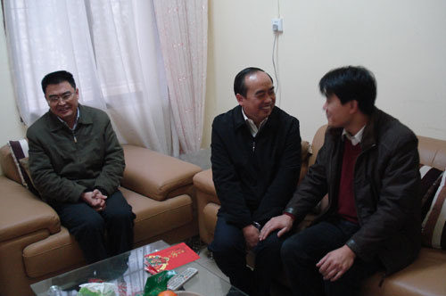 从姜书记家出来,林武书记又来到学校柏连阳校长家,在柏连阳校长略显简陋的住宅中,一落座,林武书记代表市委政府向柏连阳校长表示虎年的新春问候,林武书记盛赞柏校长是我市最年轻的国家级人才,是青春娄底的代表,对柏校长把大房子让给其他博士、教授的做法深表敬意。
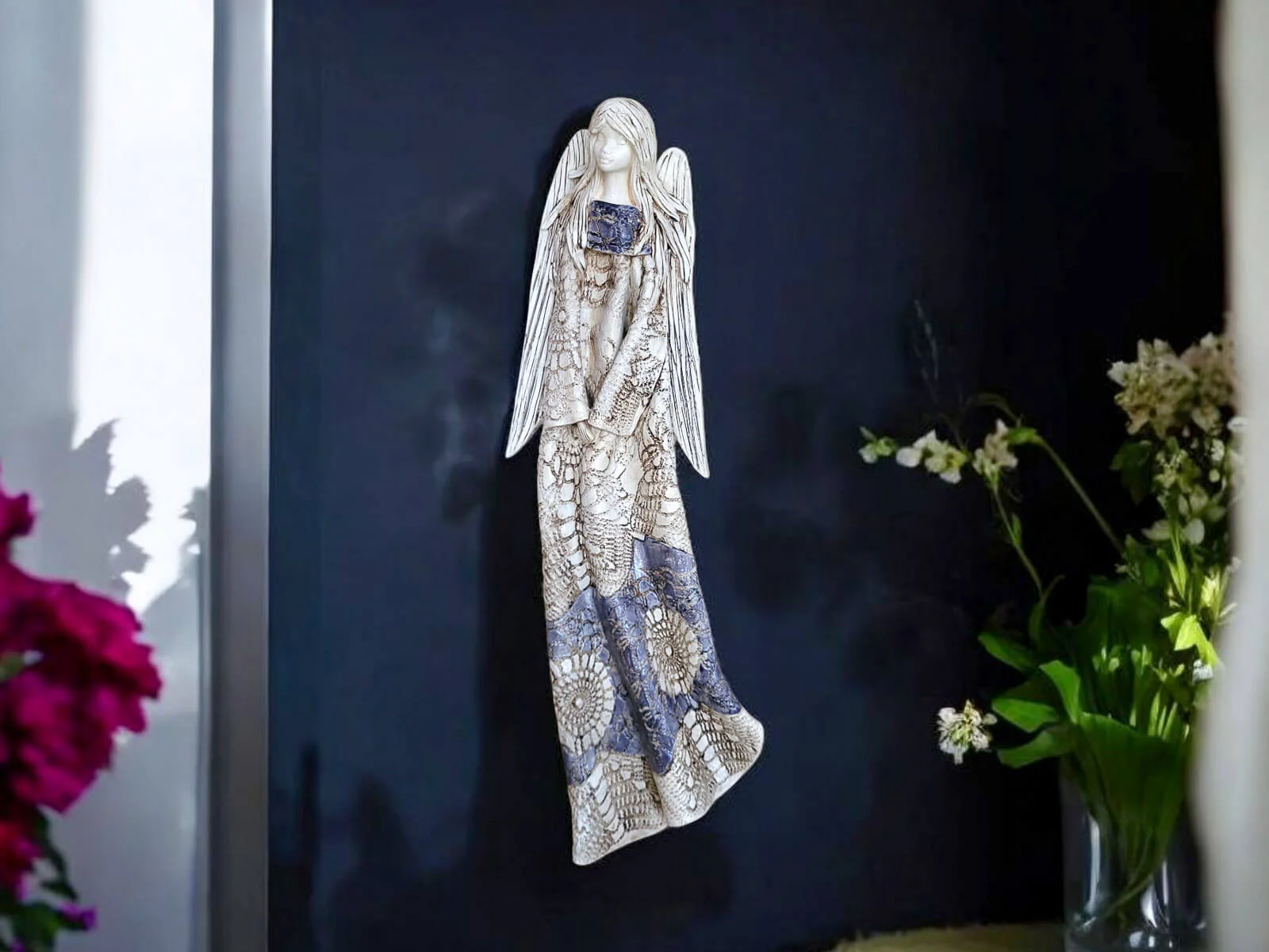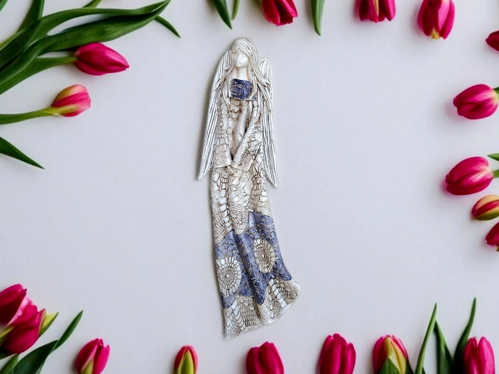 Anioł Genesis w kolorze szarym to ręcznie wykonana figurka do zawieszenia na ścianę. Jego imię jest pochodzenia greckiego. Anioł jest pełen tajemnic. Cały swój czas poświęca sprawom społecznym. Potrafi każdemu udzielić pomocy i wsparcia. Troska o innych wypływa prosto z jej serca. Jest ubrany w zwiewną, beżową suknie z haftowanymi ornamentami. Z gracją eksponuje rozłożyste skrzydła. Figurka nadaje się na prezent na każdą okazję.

--

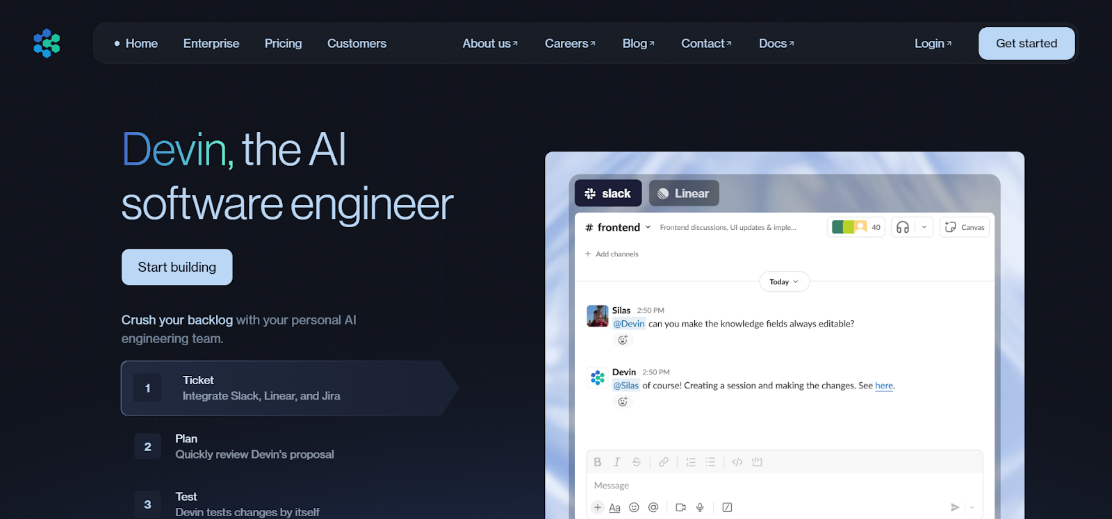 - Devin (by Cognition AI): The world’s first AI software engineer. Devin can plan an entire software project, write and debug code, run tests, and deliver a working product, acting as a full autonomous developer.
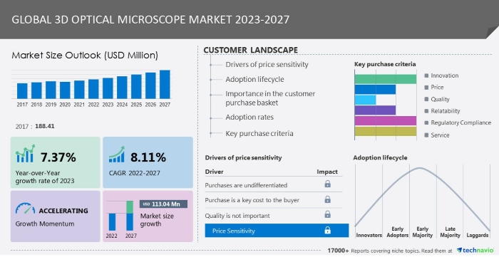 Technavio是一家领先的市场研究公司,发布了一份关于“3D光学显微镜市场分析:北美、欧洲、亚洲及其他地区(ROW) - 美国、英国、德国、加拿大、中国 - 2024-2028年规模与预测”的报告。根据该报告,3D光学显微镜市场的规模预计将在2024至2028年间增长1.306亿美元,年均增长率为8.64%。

→ **Problem description**
Restate the lines above from the one containing "从姜书记家出来,林武书记又来" through the one containing "Anioł Genesis w", inclusive, exactly and without pictures.

→ **Task output**
 从姜书记家出来,林武书记又来到学校柏连阳校长家,在柏连阳校长略显简陋的住宅中,一落座,林武书记代表市委政府向柏连阳校长表示虎年的新春问候,林武书记盛赞柏校长是我市最年轻的国家级人才,是青春娄底的代表,对柏校长把大房子让给其他博士、教授的做法深表敬意。
 Anioł Genesis w kolorze szarym to ręcznie wykonana figurka do zawieszenia na ścianę. Jego imię jest pochodzenia greckiego. Anioł jest pełen tajemnic. Cały swój czas poświęca sprawom społecznym. Potrafi każdemu udzielić pomocy i wsparcia. Troska o innych wypływa prosto z jej serca. Jest ubrany w zwiewną, beżową suknie z haftowanymi ornamentami. Z gracją eksponuje rozłożyste skrzydła. Figurka nadaje się na prezent na każdą okazję.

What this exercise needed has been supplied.